__Work request__.
Output begins at the line with "Chase’s Home Value™" and ends at the last line of the records below. Copy each line in that span exactly, and leave out pictures.

__Records contained in a dataset__.
_____
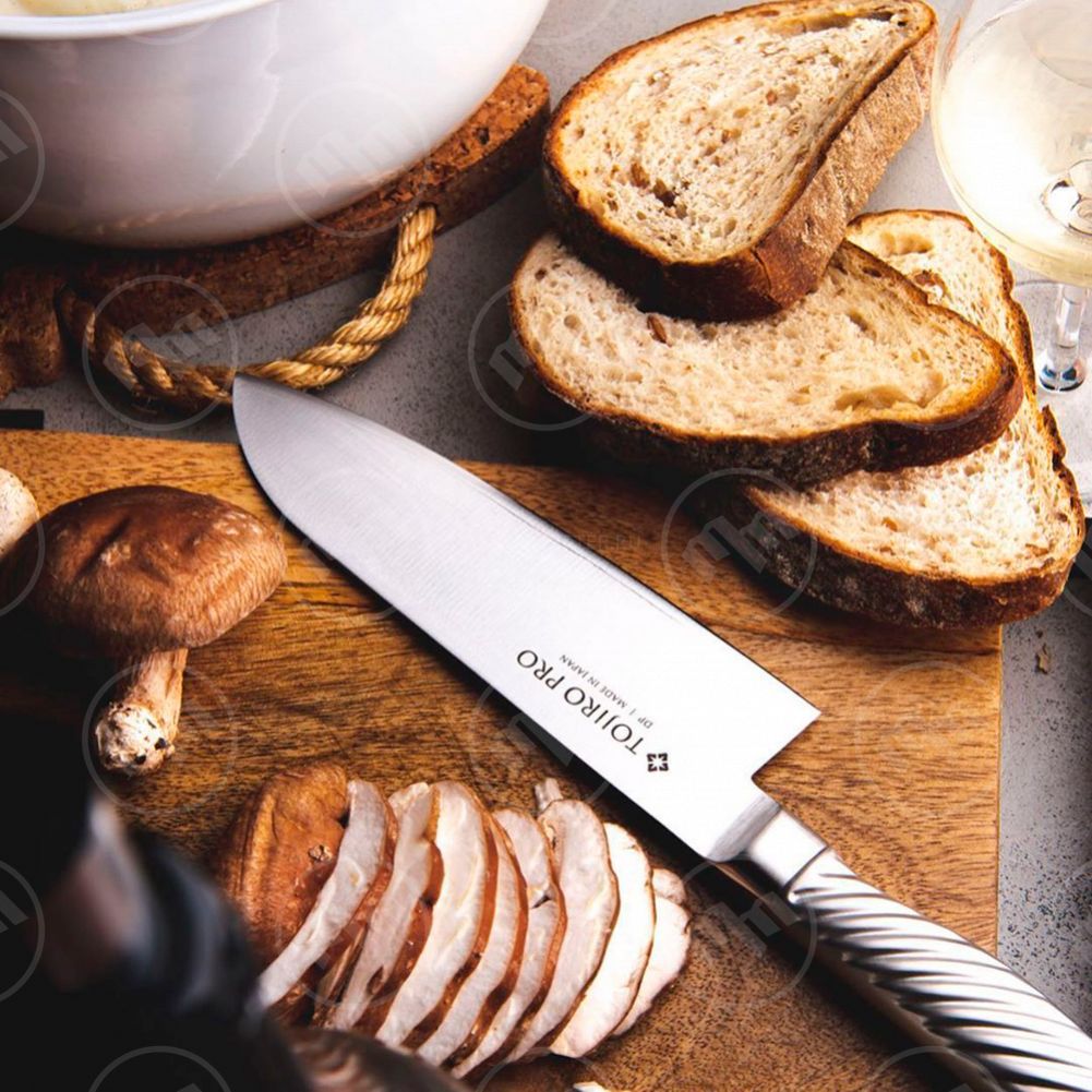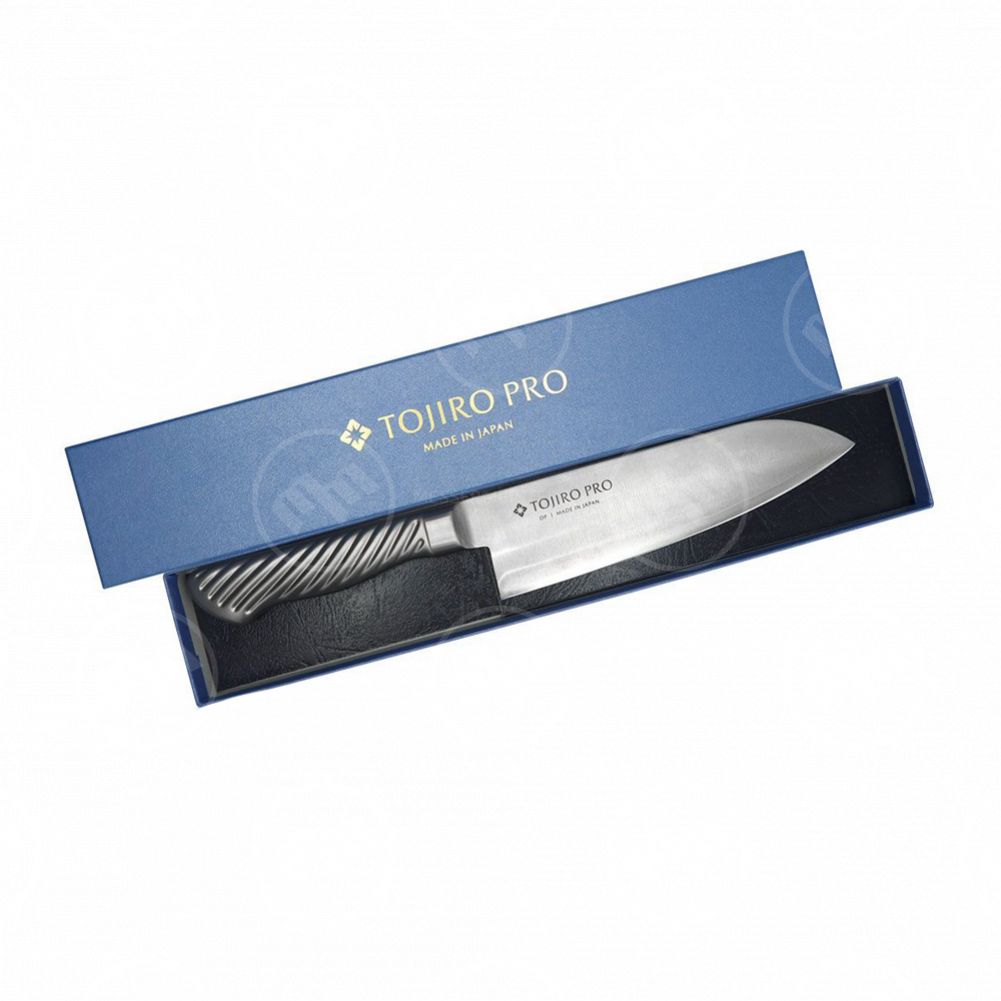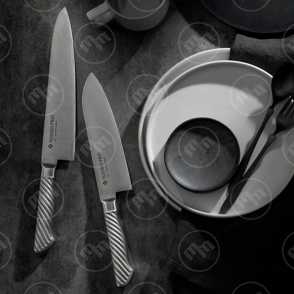 Серия Tojiro-Pro - это высококачественные ножи с трехслойным клинком и полой металлической рукоятью. Центральный слой клинка выполнен из знаменитой свой прочностью и режущими свойствами стали VG-10 от компании Takefu, закаленной до твердости 61 HRC. Обкладки из коррозионностойкой стали 420 обеспечивают клинку дополнительную прочность и защиту от коррозии.
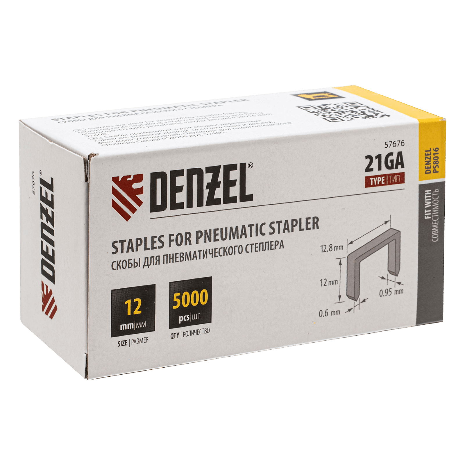 Скобы 21GA Denzel 57676 шириной 12,8 мм, 5000 шт. в упаковке, предназначены для пневматического степлера, совместимого с крепежом размера 12 х 0,95 х 0,6 мм. Используются для крепления листовых материалов к деревянному основанию, подходят для обивки мебели, укладки напольного покрытия, фиксации утеплителя.
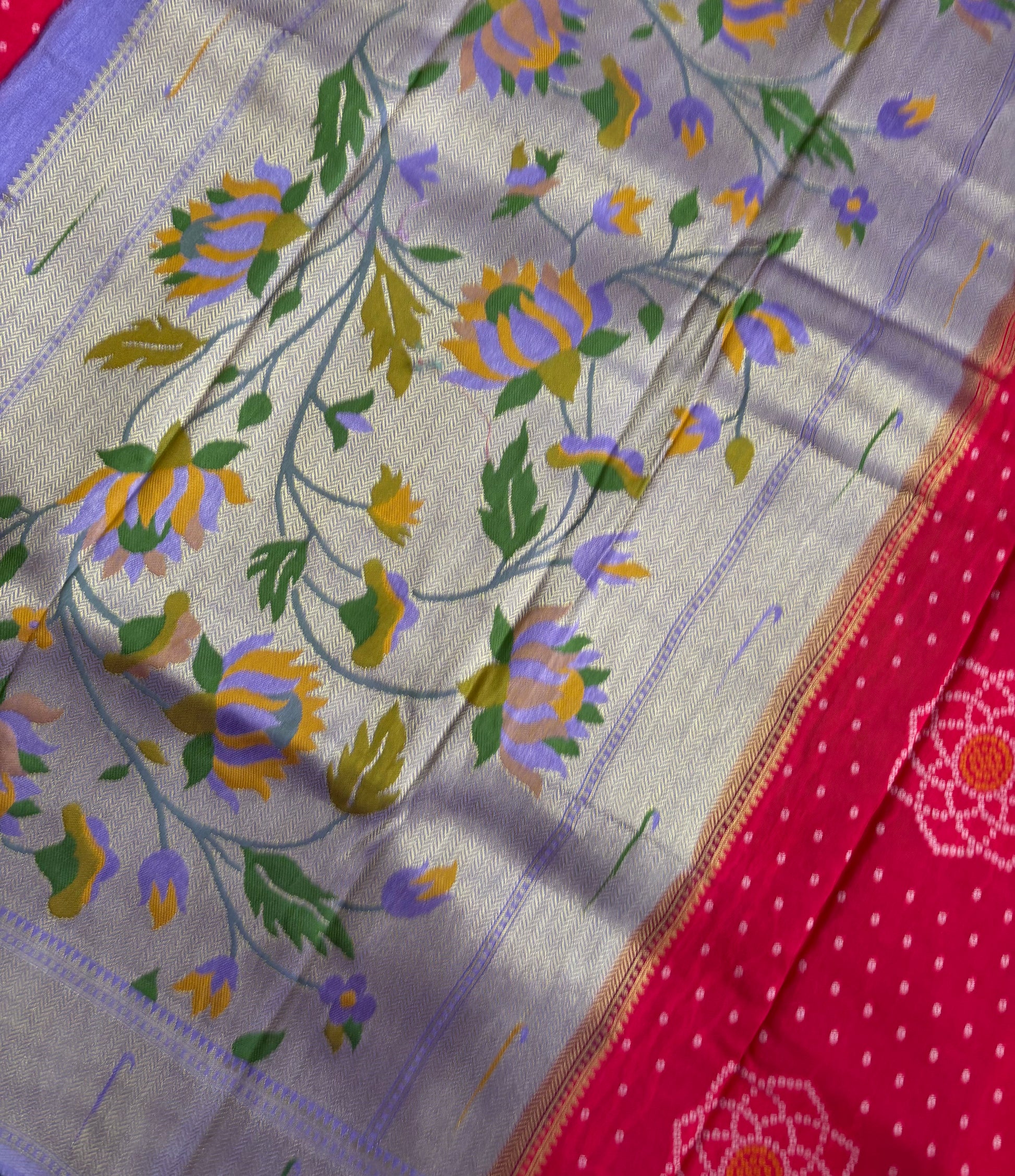 Elevate your saree collection with this exquisite viscose crepe silk creation, featuring an intricate all-over bandini floral weave that captures traditional craftsmanship. The stunning pink and lavender color combination offers versatile styling for both festive occasions and celebrations. Adorned with authentic Paithani borders and pallu, this piece showcases meticulous detailing that reflects timeless elegance. The premium viscose crepe fabric drapes beautifully while maintaining its structure.
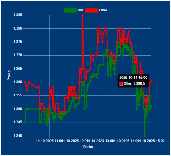 📌📉15,00 Hs Cierre del del MULC – Dólar Divisa: Bid 1351,00 Offer 1361,00 cotización entre Bancos. Si bien el MULC, convalidó nuestros parámetros que les compartimos, a ciencia cierta, aún no sabemos quien provocó la baja en la última hora. Evidentemente, el mercado de fondo, 📈es comprador. ¿Que vemos? un MULC haciendo piso, cada vez más altos
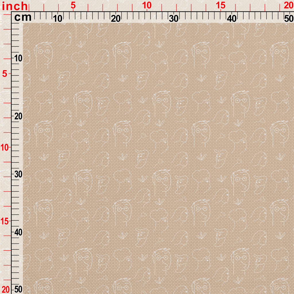 線條藝術人臉圖像麻布(幅寬150公分)
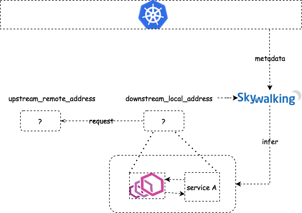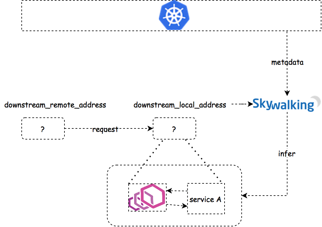 downstream_remote_address是否能够找到对应的 Kubernetes 服务。如果在此 IP(和端口)中有一个服务(例如服务 B)正在运行,那我们就会建立起服务对服务的关系(即服务 B → 服务 A),帮助建立拓扑。再配合访问日志中的
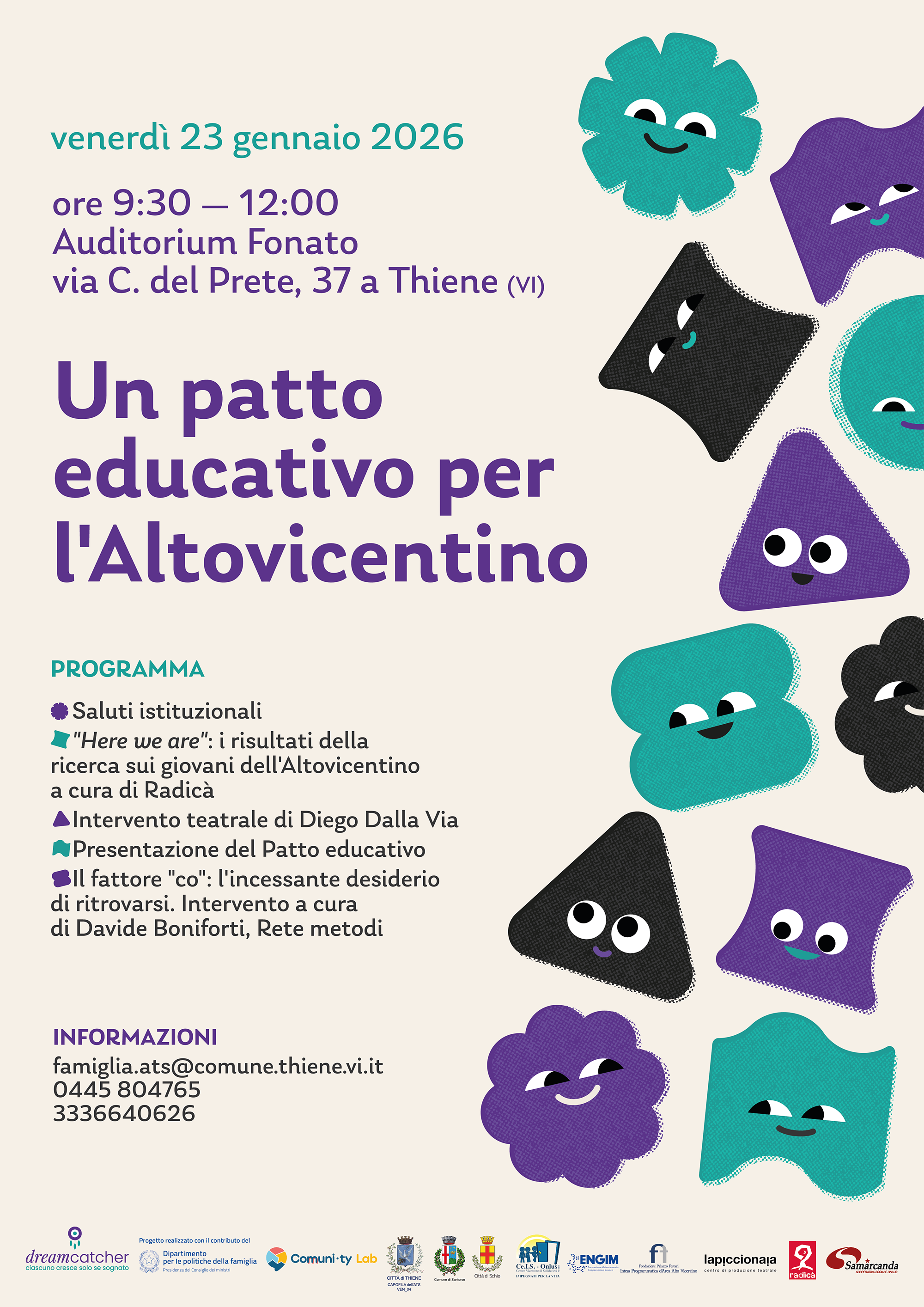 Sarà l’occasione per condividere quanto emerso dal percorso svolto tra il 2024 e il 2025 con amministratori, cittadini, docenti, giovani, ets all’interno del progetto “Dreamcatcher. Ciascuno cresce solo se sognato” – promosso dall’Ambito Territoriale Sociale di Thiene con la partnership di Engim Veneto, Engim Impresa Formativa, Cooperativa Samarcanda, Cooperativa Radicà, La Piccionaia e Fondazione Festari – che ha permesso di costruire insieme un “Patto Educativo per l’Altovicentino”.
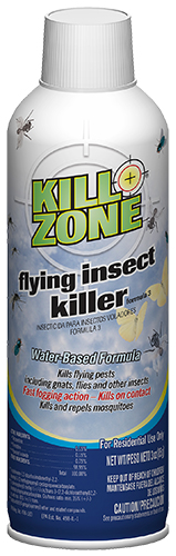 Chase’s Home Value™ Kill Zone® Flying Insect Killer can be used indoors or outdoors to eliminate annoying flying insects. It is effective against flying insects such as flies, mosquitoes, gnats and moths. It is also effective against crawling insects such as ants, centipedes, earwigs, clover mites, cockroaches, sow bugs and spiders. Outdoors, for best results, spray directly on crawling insects.
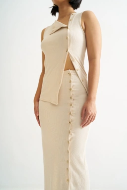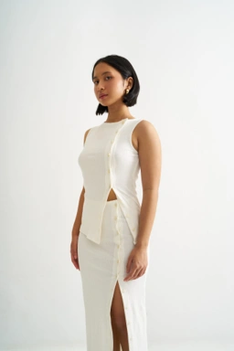 A sleeveless rib top with front button detailing.
_____
__Exercise output__.
 Chase’s Home Value™ Kill Zone® Flying Insect Killer can be used indoors or outdoors to eliminate annoying flying insects. It is effective against flying insects such as flies, mosquitoes, gnats and moths. It is also effective against crawling insects such as ants, centipedes, earwigs, clover mites, cockroaches, sow bugs and spiders. Outdoors, for best results, spray directly on crawling insects.
 A sleeveless rib top with front button detailing.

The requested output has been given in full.